Indeed, the number of people who knew about the committee and its responsibilities in the end-line survey was lower (37.2 per cent) than the baseline survey (43.4 per cent).

Dr Osae corroborated the study and said it was due to the centralised nature of the activities of PAC, and that did not promote participatory democracy.

“It is as if we are pouring water on stone. The committee sits in Accra but the issues they deal with affect people outside Accra in certain cases, so that if somebody has misused and misapplied funds in a certain village and it appears in the accounts of the district assembly, PAC will sit in Accra and discuss it.

“The people will never get to know; they don’t know what is happening to their money. So it is most unfair,” he said.

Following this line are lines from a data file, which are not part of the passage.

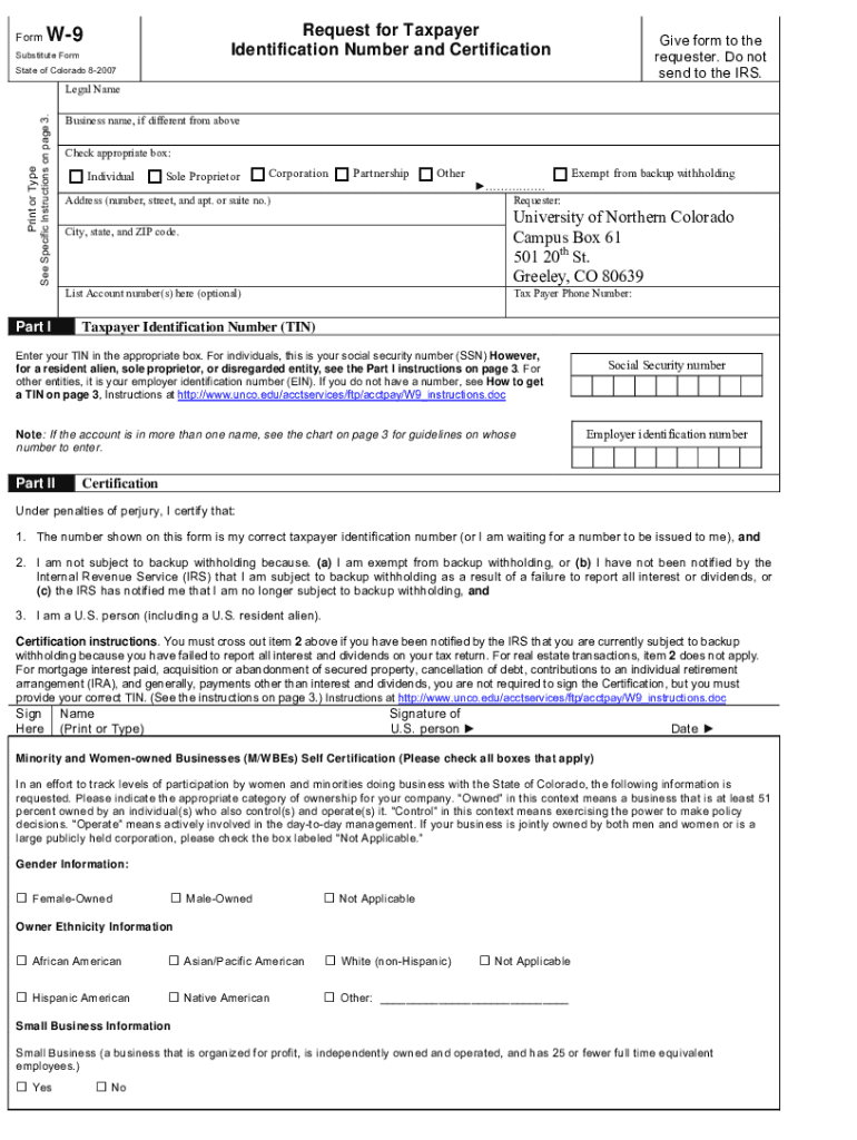 FormRequest for Taxpayer Identification Number and CertificationW9Substitute Forgive form to the requester. Do not send to the IRS. State of Colorado 82007Print or Typeset Specific Instructions on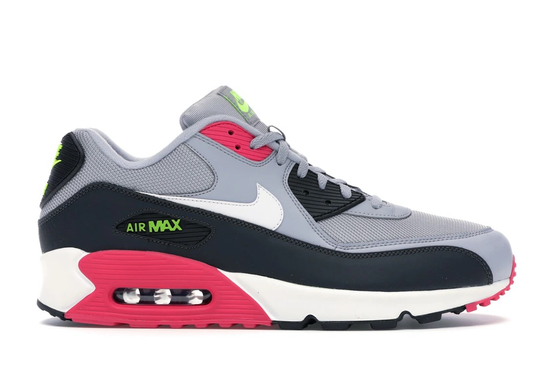Dressed in Wolf Grey, Volt, Rush Pink, and White color schemes, the Nike Air Max 90 Wolf Grey Rush Pink is a specific variation of Nike’s Air Max 90 sneakers. The Wolf Grey Rush Pink Nike Air Max 90 adopts a predominantly Wolf Grey mesh upper contrasting with Black accents on the lower panel and heel cap, Rush Pink eyelets, and a White-dressed side Swoosh. Its laces continue the Wolf Grey color scheme while its "Nike Air" and "Air Max" brandings appear in Volt color. The lower design includes a rubber midsole in white for impact absorption, the visible Air Max units for cushioning, and the treaded outsole to optimize friction on different surfaces. What we think is the standard feature of the Nike Air Max 90 Wolf Grey Rush Pink which was launched on 1st April 2019 with $110 as its recommended retail price is its breathable mesh upper that maximizes comfort during wear by allowing unrestricted flow of air. - Style AJ1285-020 - Colorway Wolf Grey/Rush Pink-Volt-White - Retail Price 110 - Release Date 2019-04-01 - Featured false - Product Line Nike Air Max
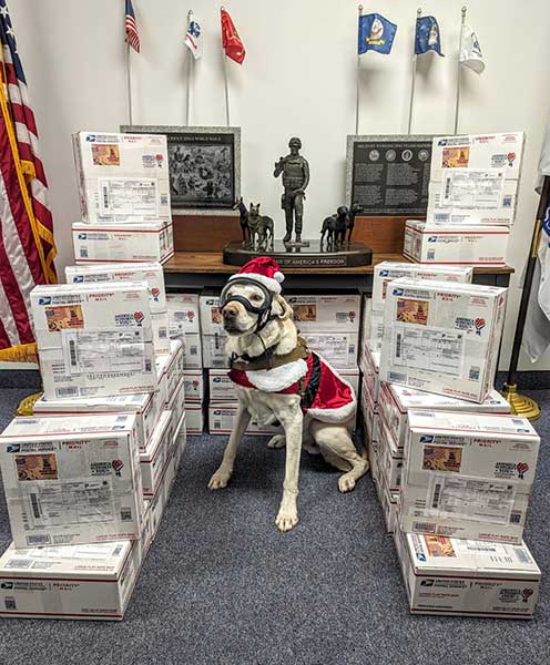 The generosity of Friends of CHS even reaches around the globe. Their military collection project—in its 15th year—began as a way to brighten the holidays for Kansas troops stationed overseas. More than 1,400 boxes were shipped through the program. When pandemic restrictions halted the shipment of care packages to soldiers, the auxiliary partnered with the U.S. War Dogs Association and began collecting monetary donations to meet the specific needs of military canines and their handlers. In 2023, they collected an impressive $5,774.30. In addition to monetary donations, students from all schools in Coffey County made cards and letters for the troops, and a 4-H club collected doggie treats.
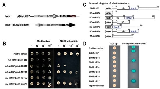 To test whether McHB7 can bind to cis-acting elements like the ABA response motifs ACGTA and TGTCG, the Early Responsive to Dehydration (ERD) motif TGTCA, and the ABA-related motif CACAT [23], each motif was repeated three times. Hind Ⅲ and Sac I restriction sites were added to the primer sequences (Supplementary Table S1) to synthesize complementary DNA strands. Then, the triple tandem of each element was inserted to the pAbAi yeast reporter vector (Figure 4A), which is usually used in one-hybrid assays for identifying and characterizing the DNA-binding proteins. These vectors were named pAbAi-ACGTA, pAbAi-TGTCA, pAbAi-TGTCG, and pAbAi-CACAT, respectively. The full-length of McHB7 was ligated to the pGADT7 (AD) vector named AD-McHB7. The linearized plasmids pAbAi-ACGTA, pAbAi-TGTCA, pAbAi-TGTCG, and pAbAi-CACAT, which were digested by Bstb I at 65 °C for 15 min, were transformed into Y1H Gold yeast competent cells. AD-McHB7 was transformed into the pAbAi-ACGTA, pAbAi-TGTCA, pAbAi-TGTCG, and pAbAi-CACAT yeast competent cells, respectively, and cultured on selective medium without Ura and Leu, or without Ura and Leu but containing 250 ng/mL AbA (Takara, Beijing, China) at 30 °C for four days. pGADT7-53/pAbAi-p53 was used as the positive control, and AD-McHB7/pAbAi-p53 was used as the negative control.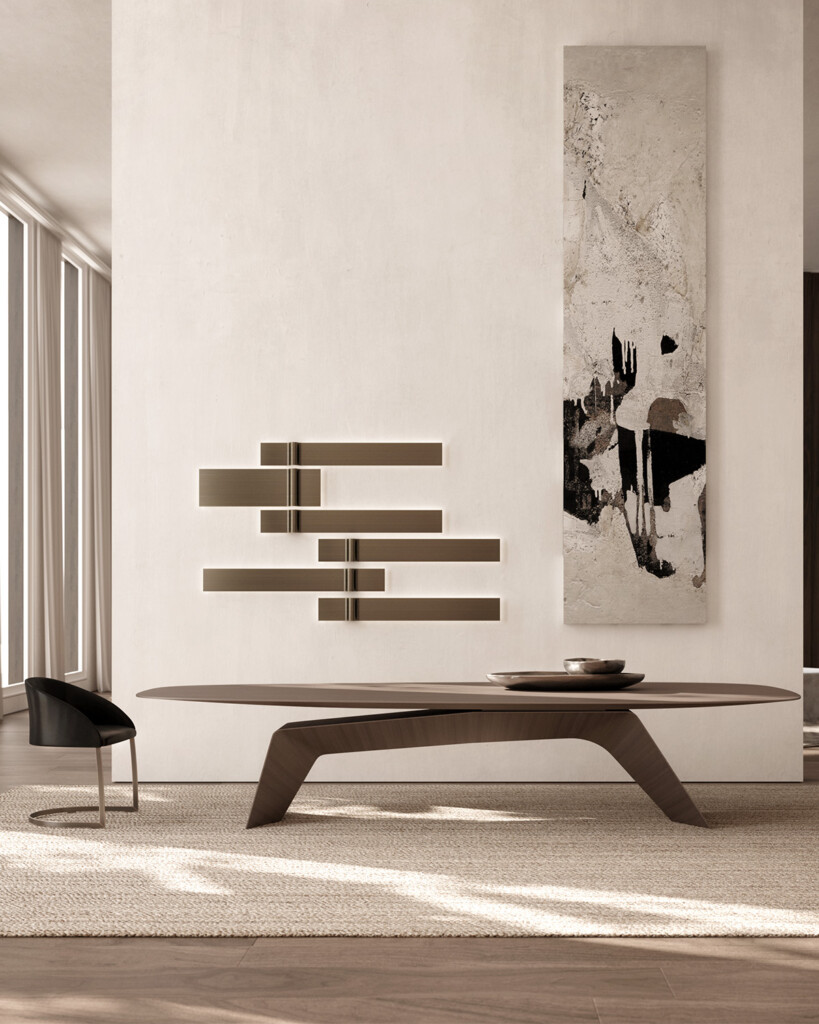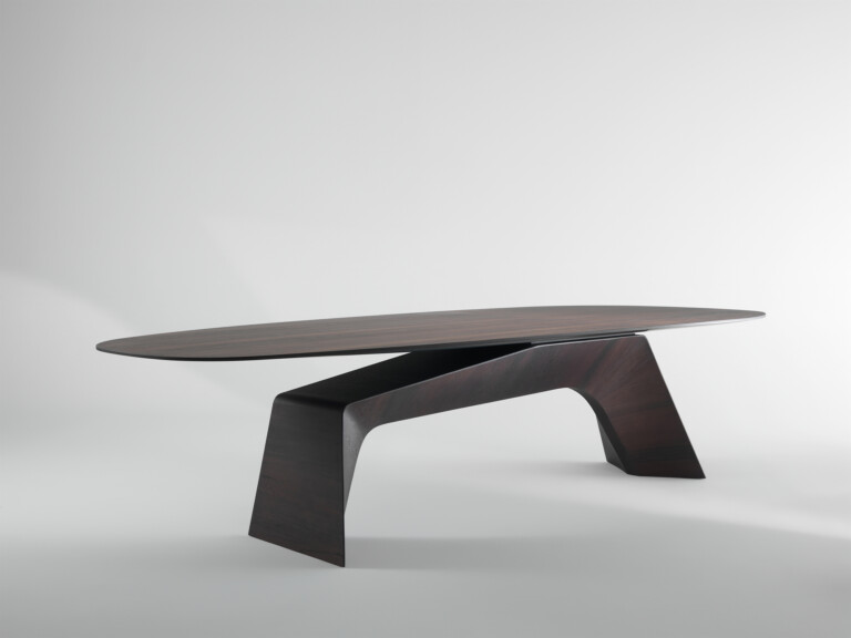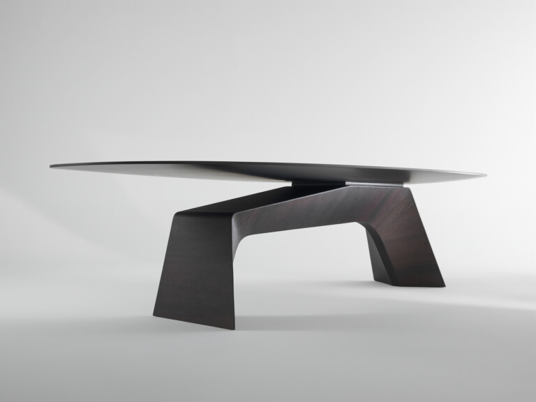 Kintai是一款具有强烈视觉冲击力的雕塑桌,其特点是构成它的元素之间的平衡游戏。一个真正的国内建筑,唤起东方世界和禅宗平衡的主题。这种平衡不仅是静态的,而且是正式的。巨大,坚固,气势磅礴的底座与薄而优雅的浮动平面形成鲜明对比。一动不动,同时动人,金台是禅宗平衡的表达。

According to him, the best thing was for the committee to be able to decentralise its operations, and since that would also be difficult, it could work with the Finance and Administration (F&A) sub-committee of the respective assemblies.  

That, he said, would ensure that at the district level, the F&A sub-committee of the assembly could meet and the member of Parliament would also sit in.

“In that case, you will bring the activities of the PAC closer to the people. They should decentralise their operations and at any sitting invite their key stakeholders to be there and allow them to also ask people who have misapplied the funds some questions as a way to promote participatory democracy,” he said.


Powers of PAC

The committee does not have enforcement powers. They have the power to subpoena people to appear before them but they do not have the power to send them to court.

Also, the PAC is normally chaired by the opposition, a situation Dr Osae said also undermined the fight against corruption.

He said instead of looking at things objectively, the political colour always undermined the good intention of establishing the committee.

“So we have to decentralise it. We have to make sure that we give them some functioning or prosecutorial powers. Then we also have to depoliticise it and make sure that at least the institution works in a manner devoid of partisan politics.

“If we import politics, the majority will have their way, and minority will have their as always into our PAC then our fight against corruption will come to zero,” Dr Osae said.  


NCCE study

The study by the National Commission for Civic Education (NCCE) examined the ‘Public Opinion on the State of Corruption, Public Accountability and Environmental Governance in Ghana’.

The NCCE in 2017 signed a memorandum of understanding with the European Union (EU) and its subsidiary organisations to undertake a five-year programme, known as the ‘Accountability, Rule of Law and Anti-Corruption Programme (ARAP).